What is expected: Please transcribe every record below exactly, leaving out the pictures.

====

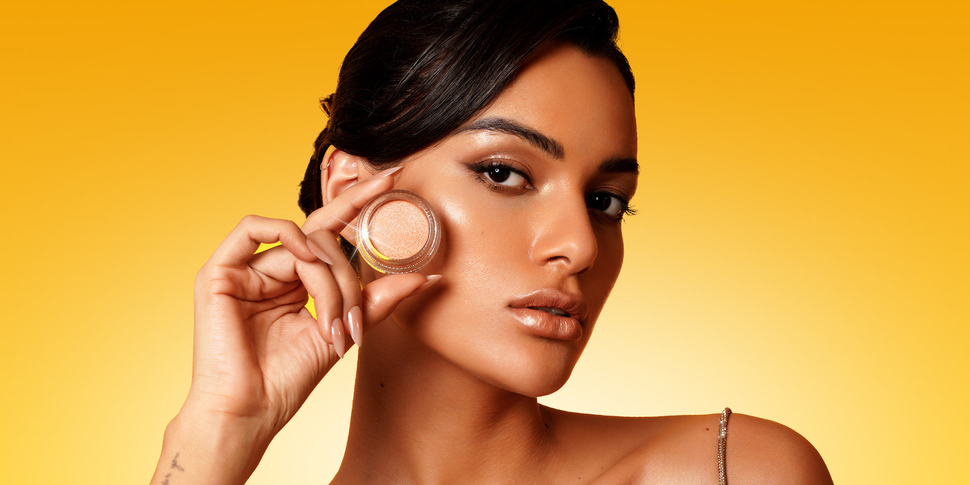 Satin-finish eyeshadow in a metallic peachy nude with golden shimmer. Use alone as eyeshadow for highlighted areas or layered over other Cream Color for a pop.
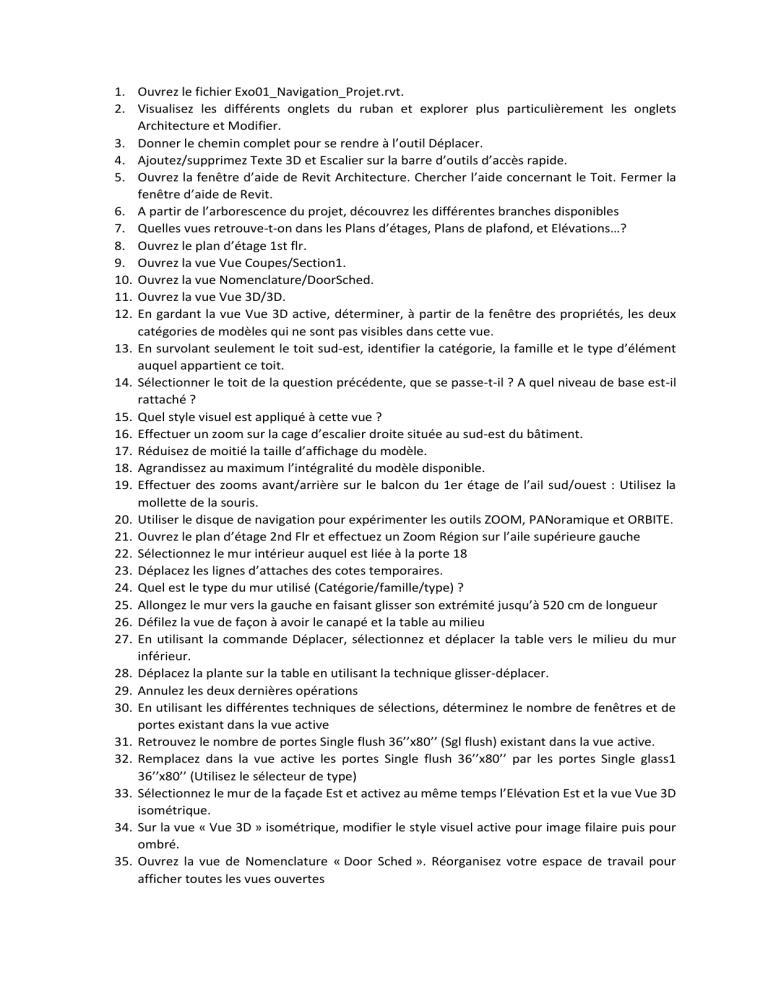 1. Ouvrez le fichier Exo01_Navigation_Projet.rvt.
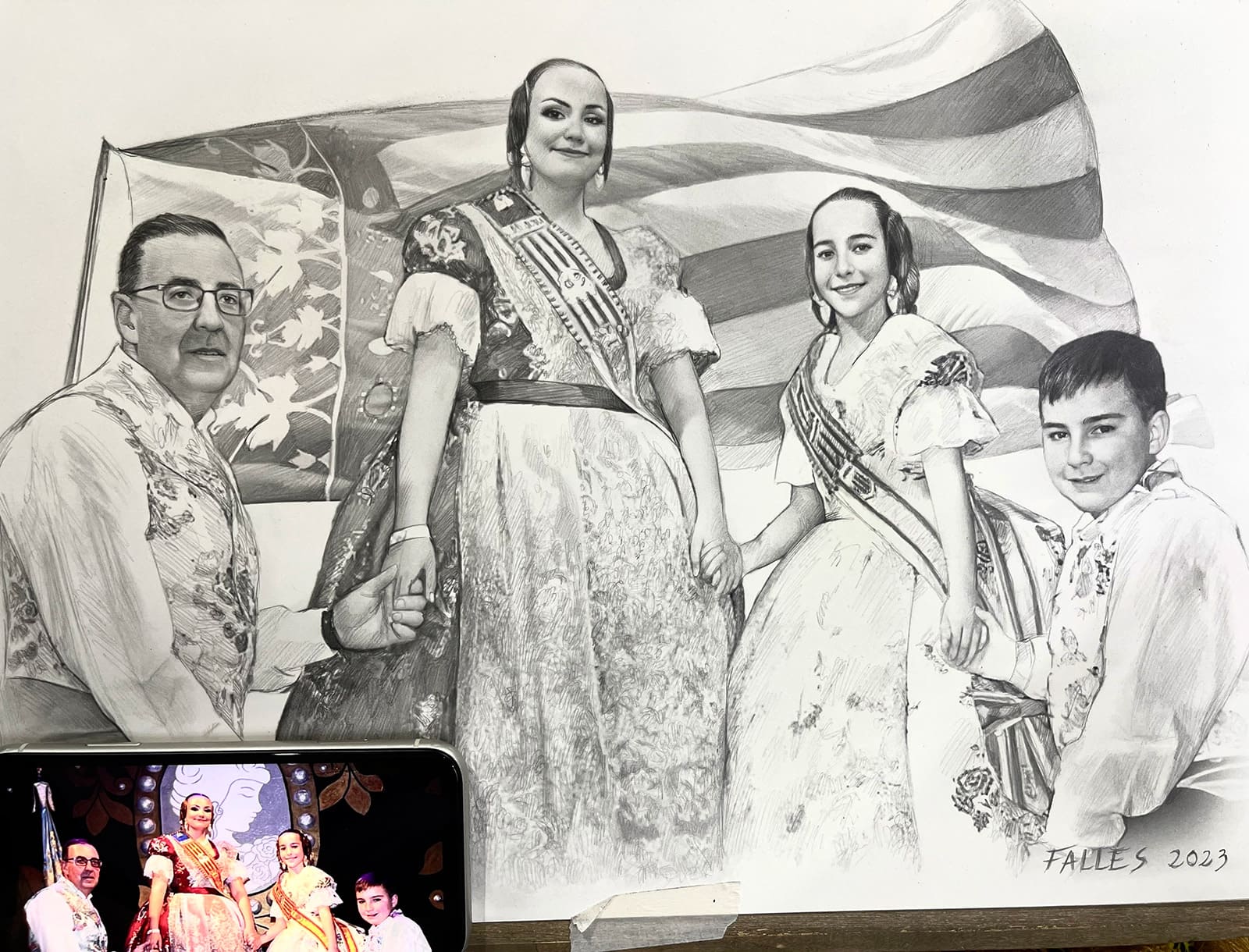 retrato a lápiz por encargo de fallas 2023
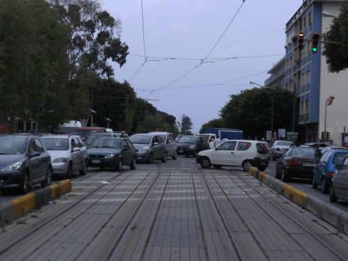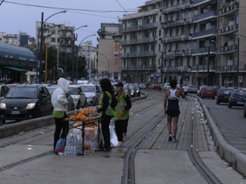 Zu Hilfe kommt mir der aufkommende Verkehr und eine kurzer Nieselregen nach KM 34. Wieder in Messina angekommen, sind plötzlich Autos direkt vor uns auf der Strecke. Ein Fahrzeug will unmittelbar vor mir von rechts nach links. Ein energisches Brüllen meinerseits verschafft mir notwendiges Adrenalin und hält den Weg frei. Ich bin froh, wieder auf den Straßenbahngleisen laufen zu können. Hier fahren wenigstens keine Autos. Die stauen sich aber jeweils zweispurig links und rechts und stinken.
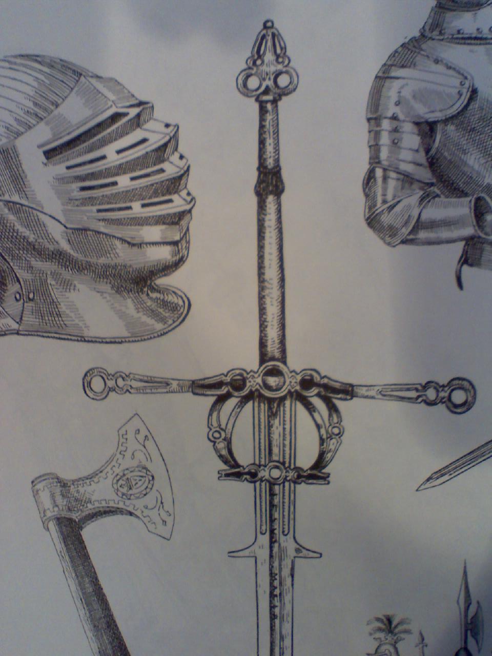 I was wondering where they find the originals that are sketched? I was hoping to find out more about this beautiful two-hander from the 16th century on page 92 of the book. I would love to have this replicated...
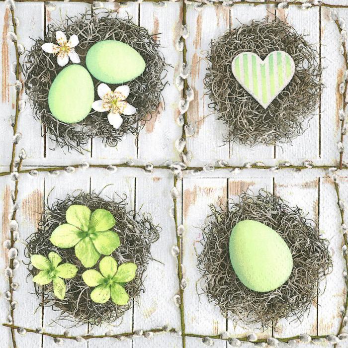 Velikonoční papírové ubrousky Pol-Mak Daisy z kolekce Pastel Green Easter Collage, 33 x 33 cm, třívrstvé.
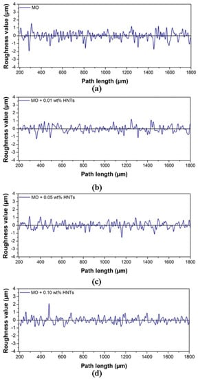 Roughness profiles and Ra values of worn blocks for MO + HNT nanofluidos: (a) MO, (b) MO + 0.01 wt. % HNTs, (c) MO + 0.05 wt. % HNTs, (d) MO + 0.10 wt. % HNTs.
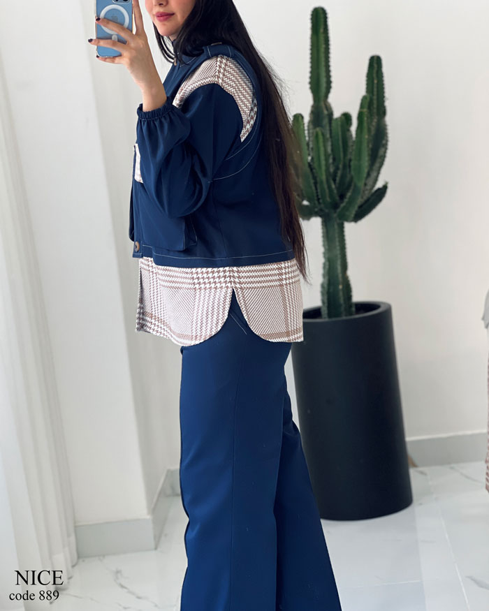 ست کتی با شلوار نایس کتان ترکیبی با توییت کد 889
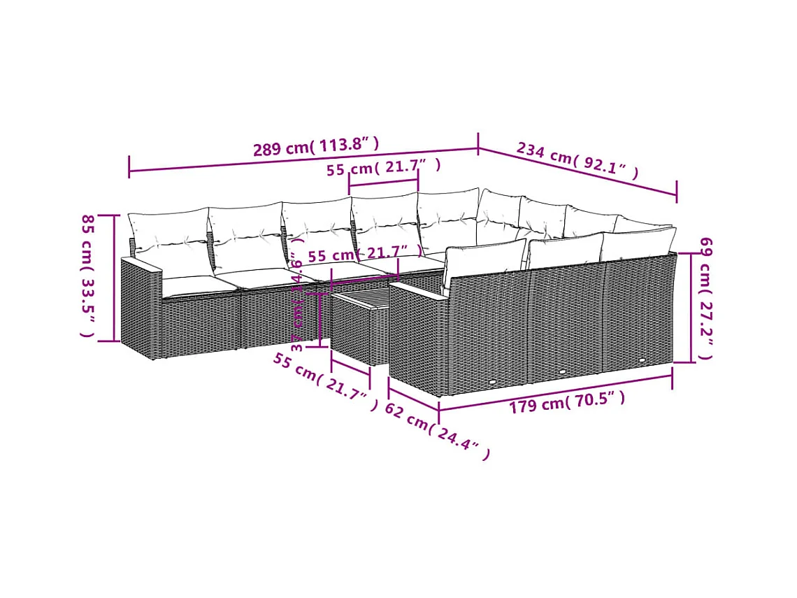 11 pcs conjunto sofás de jardim c/ almofadões vime PE bege
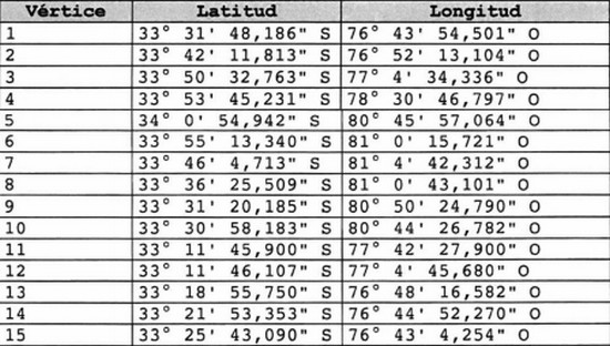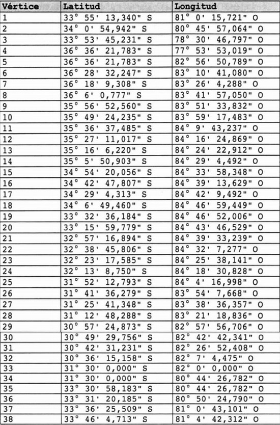 Artículo 6°. Límites. Los límites del Parque Marino, representados en el mapa adjunto, se detallan en coordenadas geográficas WGS 84, y son las siguientes:

====

Task result:
 Satin-finish eyeshadow in a metallic peachy nude with golden shimmer. Use alone as eyeshadow for highlighted areas or layered over other Cream Color for a pop.
 1. Ouvrez le fichier Exo01_Navigation_Projet.rvt.
 retrato a lápiz por encargo de fallas 2023
 Zu Hilfe kommt mir der aufkommende Verkehr und eine kurzer Nieselregen nach KM 34. Wieder in Messina angekommen, sind plötzlich Autos direkt vor uns auf der Strecke. Ein Fahrzeug will unmittelbar vor mir von rechts nach links. Ein energisches Brüllen meinerseits verschafft mir notwendiges Adrenalin und hält den Weg frei. Ich bin froh, wieder auf den Straßenbahngleisen laufen zu können. Hier fahren wenigstens keine Autos. Die stauen sich aber jeweils zweispurig links und rechts und stinken.
 I was wondering where they find the originals that are sketched? I was hoping to find out more about this beautiful two-hander from the 16th century on page 92 of the book. I would love to have this replicated...
 Velikonoční papírové ubrousky Pol-Mak Daisy z kolekce Pastel Green Easter Collage, 33 x 33 cm, třívrstvé.
 Roughness profiles and Ra values of worn blocks for MO + HNT nanofluidos: (a) MO, (b) MO + 0.01 wt. % HNTs, (c) MO + 0.05 wt. % HNTs, (d) MO + 0.10 wt. % HNTs.
 ست کتی با شلوار نایس کتان ترکیبی با توییت کد 889
 11 pcs conjunto sofás de jardim c/ almofadões vime PE bege
 Artículo 6°. Límites. Los límites del Parque Marino, representados en el mapa adjunto, se detallan en coordenadas geográficas WGS 84, y son las siguientes:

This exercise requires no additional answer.